About this task:
Images are not wanted; transcribe the rest of the listing exactly.

== Segment start ==

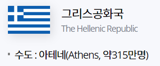 그리스"Greece"는 유럽의 남동부 발칸반도 남단에 위치하고 있는 국가로 공식 국명은 그리스공화국"The Hellenic Republic"입니다.
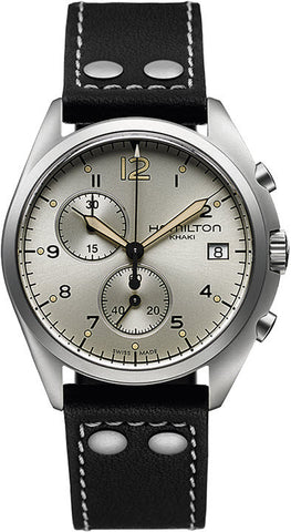 Hamilton Watch Khaki Aviation Pilot Pioneer Chrono Quartz. The Khaki Pilot Pioneer Chrono Quartz in a black leather strap is inspired by the traditional military aviation watches from the 70s, specifically the model that Hamilton designed for the Royal Air Force. The Superluminova hands make the silver dial on the Pilot Pioneer perfectly readable and the strap is reminiscent of the military roots of the Pilot Pioneer's ancestor. The two asymmetric counters and case propel the watch in the modern time.
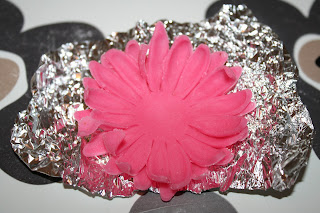 Da har jeg gjort dette på 3 store blomster, jeg trengte bare 2 av de… Men man skal jo lage flere blomster…
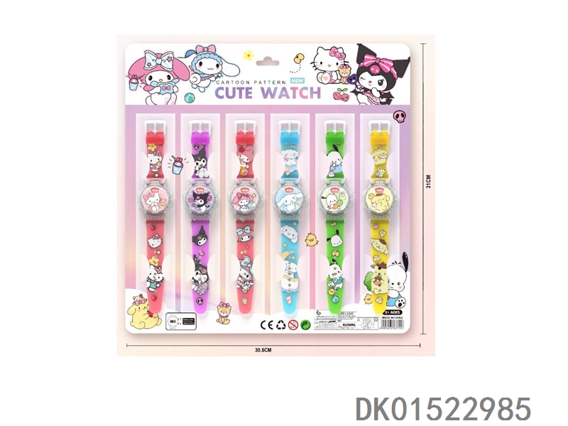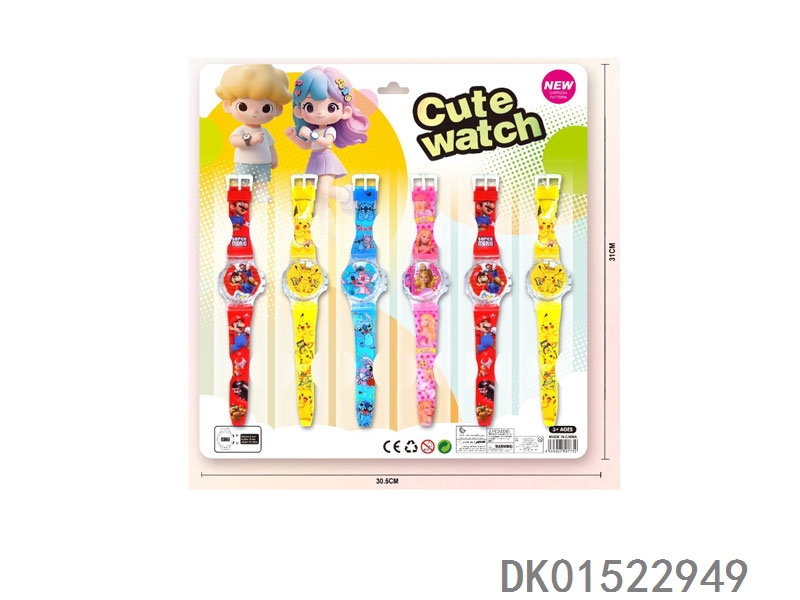 6款翻盖电子圆形手表配彩带迷宫6只/板
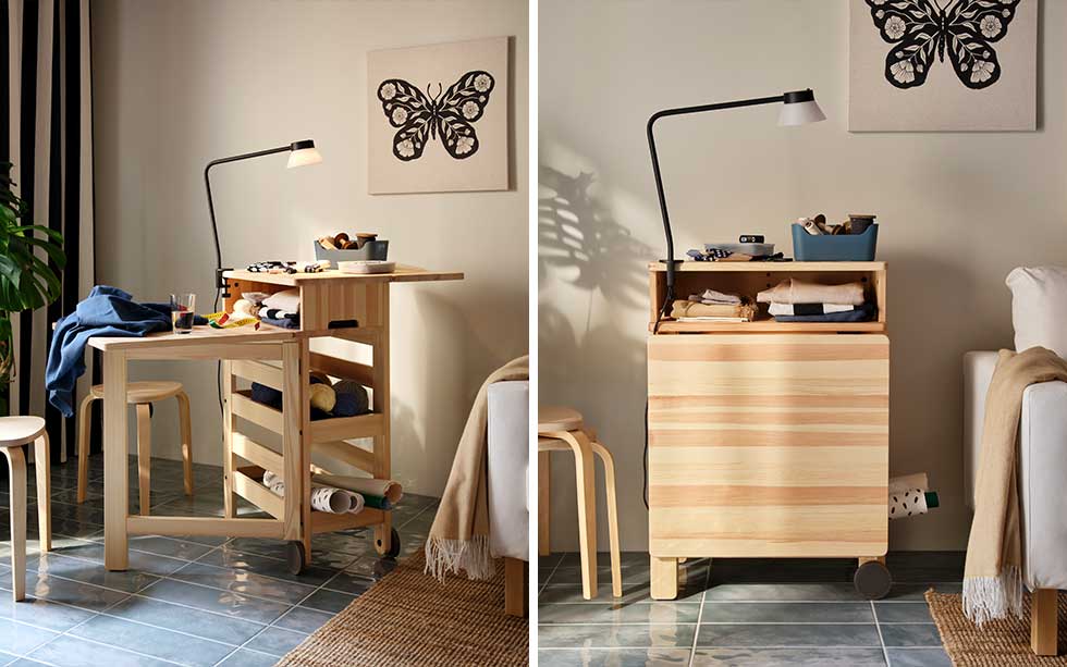 Genom att skapa rum i rummet utnyttjar du ytan i ditt vardagsrum maximalt. En hörna med plats för ett mobilt klaffbord med förvaring blir enkelt till ett alldeles eget hobbyrum när det behövs. Ibland är det barnen som har kompisar hemma och behöver lite extra utrymme att pyssla på. Andra gånger vill du kanske passa på att jobba en stund till, eller ägna dig åt en hobby du älskar. Tricket är att låta möblerna ta plats när det är läge, och rullas undan när ytan behövs till annat.
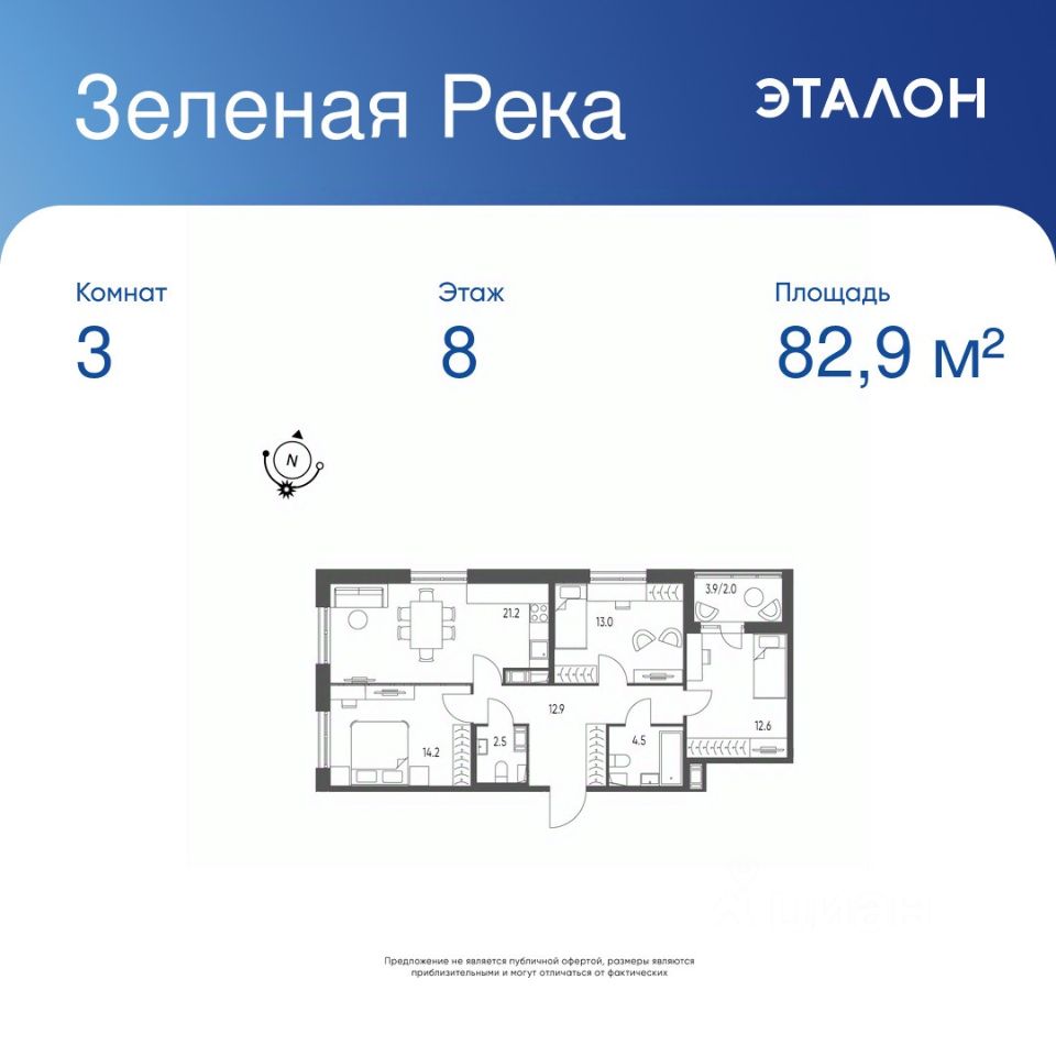 Общая площадь квартиры — 82.9 кв. м, этаж 8 из 9.
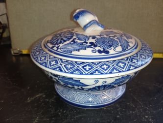 RARE Bombay Blue White Blue Bird Lidded Porcelain Candy Dish, Trinket Dish $30Wittmann, AZ
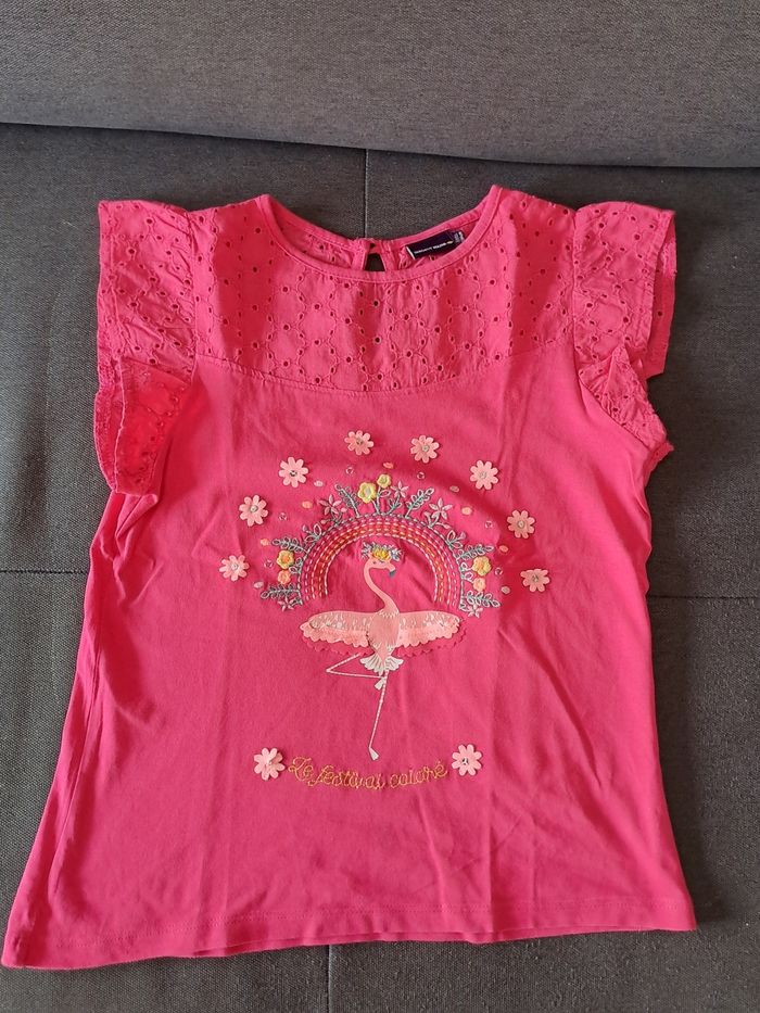 Très joli tee-shirt, rose fushia, avec comme de la dentelle ajourée au niveau des manches et de l'encolure. Joli flamant rose sur le devant tout orné de fleurs autour. Taille 9 ans. Très bon état.
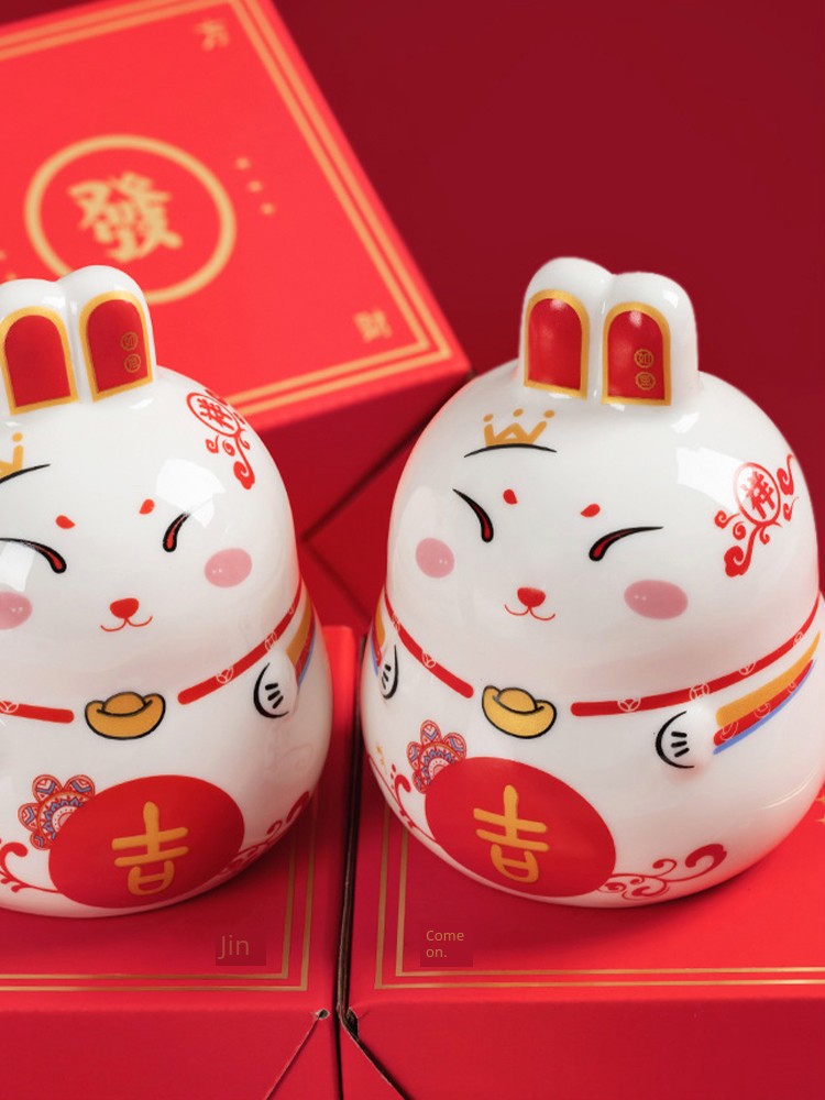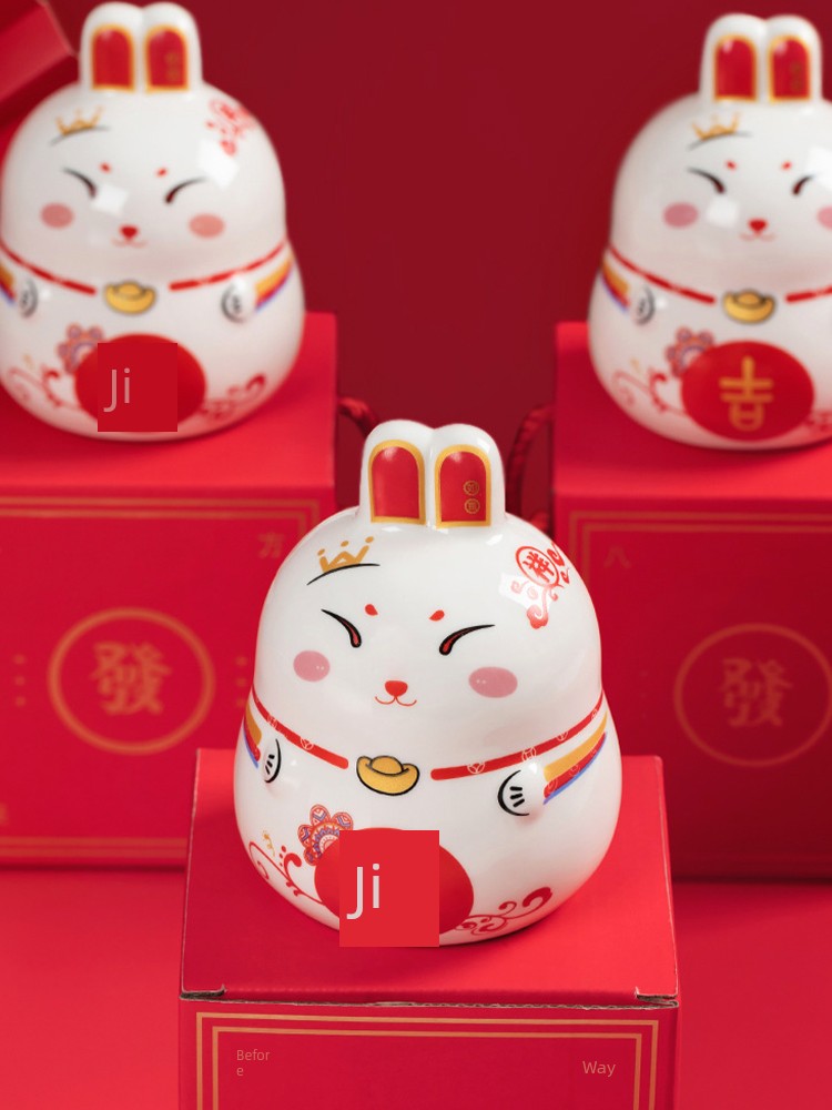 Jojo's L. Pd. Ziquan Jian. Ceramic Rabbit Saving Pot Decoration Hand Gift Money Box | Qi Qi

== Segment end ==

Solution to this task:
 그리스"Greece"는 유럽의 남동부 발칸반도 남단에 위치하고 있는 국가로 공식 국명은 그리스공화국"The Hellenic Republic"입니다.
 Hamilton Watch Khaki Aviation Pilot Pioneer Chrono Quartz. The Khaki Pilot Pioneer Chrono Quartz in a black leather strap is inspired by the traditional military aviation watches from the 70s, specifically the model that Hamilton designed for the Royal Air Force. The Superluminova hands make the silver dial on the Pilot Pioneer perfectly readable and the strap is reminiscent of the military roots of the Pilot Pioneer's ancestor. The two asymmetric counters and case propel the watch in the modern time.
 Da har jeg gjort dette på 3 store blomster, jeg trengte bare 2 av de… Men man skal jo lage flere blomster…
 6款翻盖电子圆形手表配彩带迷宫6只/板
 Genom att skapa rum i rummet utnyttjar du ytan i ditt vardagsrum maximalt. En hörna med plats för ett mobilt klaffbord med förvaring blir enkelt till ett alldeles eget hobbyrum när det behövs. Ibland är det barnen som har kompisar hemma och behöver lite extra utrymme att pyssla på. Andra gånger vill du kanske passa på att jobba en stund till, eller ägna dig åt en hobby du älskar. Tricket är att låta möblerna ta plats när det är läge, och rullas undan när ytan behövs till annat.
 Общая площадь квартиры — 82.9 кв. м, этаж 8 из 9.
 RARE Bombay Blue White Blue Bird Lidded Porcelain Candy Dish, Trinket Dish $30Wittmann, AZ
 Très joli tee-shirt, rose fushia, avec comme de la dentelle ajourée au niveau des manches et de l'encolure. Joli flamant rose sur le devant tout orné de fleurs autour. Taille 9 ans. Très bon état.
 Jojo's L. Pd. Ziquan Jian. Ceramic Rabbit Saving Pot Decoration Hand Gift Money Box | Qi Qi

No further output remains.